++++ Available data ++++

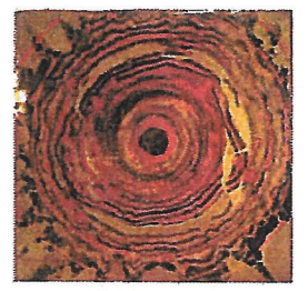
Base TD506 Lichen Green TD505 Twilight Blue TD508 Cherry Fizz
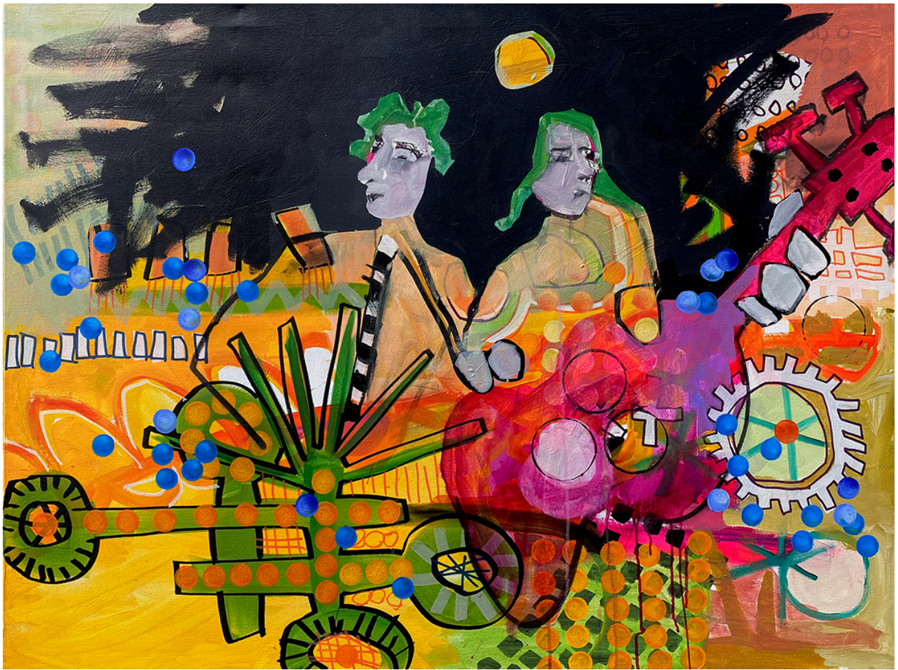
Robin Walker: Modern Folk Duo, acrylic, (36 x 48 inches) from the artist's Music series.
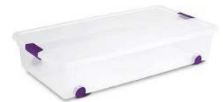
[11620188] 17611704 60qt Latch Underbed ClearView™ Wheeled Sterilite 4/CS
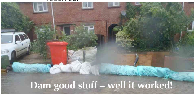
Dam good stuff – well it worked!

There was a steady and at times heavy flow created down the vale, which would have been in my home and probably at least one of my direct neighbours without the support received.
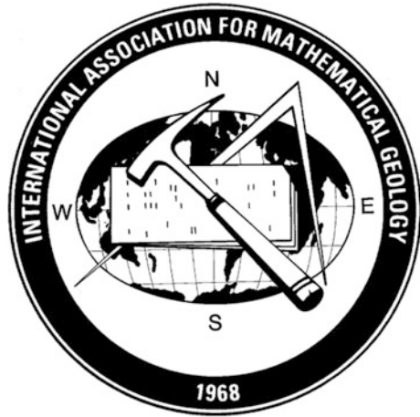
Fig. 36.2 Official logo of IAMG
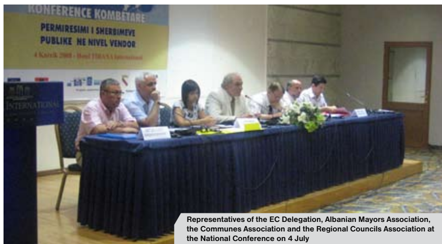
Representatives of the EC Delegation, Albanian Mayors Association, the Communes Association and the Regional Councils Association at the National Conference on 4 July

The European Union supports Albania's Local Government Units in strengthening the local licensing administration capacities which promotes transparency in private-public partnership and better services for the local community. Funded by the EU, the € 1 million
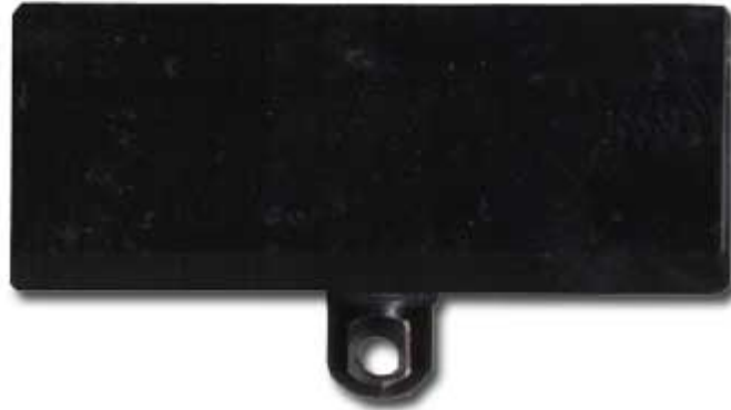
Figure 2. Side view of mount. Note swivel stud for mounting of bipod.

++++

### Task item
When you repeat the listing, keep it exact and leave the pictures behind.

### Finished task
Base TD506 Lichen Green TD505 Twilight Blue TD508 Cherry Fizz
Robin Walker: Modern Folk Duo, acrylic, (36 x 48 inches) from the artist's Music series.
[11620188] 17611704 60qt Latch Underbed ClearView™ Wheeled Sterilite 4/CS
Dam good stuff – well it worked!

There was a steady and at times heavy flow created down the vale, which would have been in my home and probably at least one of my direct neighbours without the support received.
Fig. 36.2 Official logo of IAMG
Representatives of the EC Delegation, Albanian Mayors Association, the Communes Association and the Regional Councils Association at the National Conference on 4 July

The European Union supports Albania's Local Government Units in strengthening the local licensing administration capacities which promotes transparency in private-public partnership and better services for the local community. Funded by the EU, the € 1 million
Figure 2. Side view of mount. Note swivel stud for mounting of bipod.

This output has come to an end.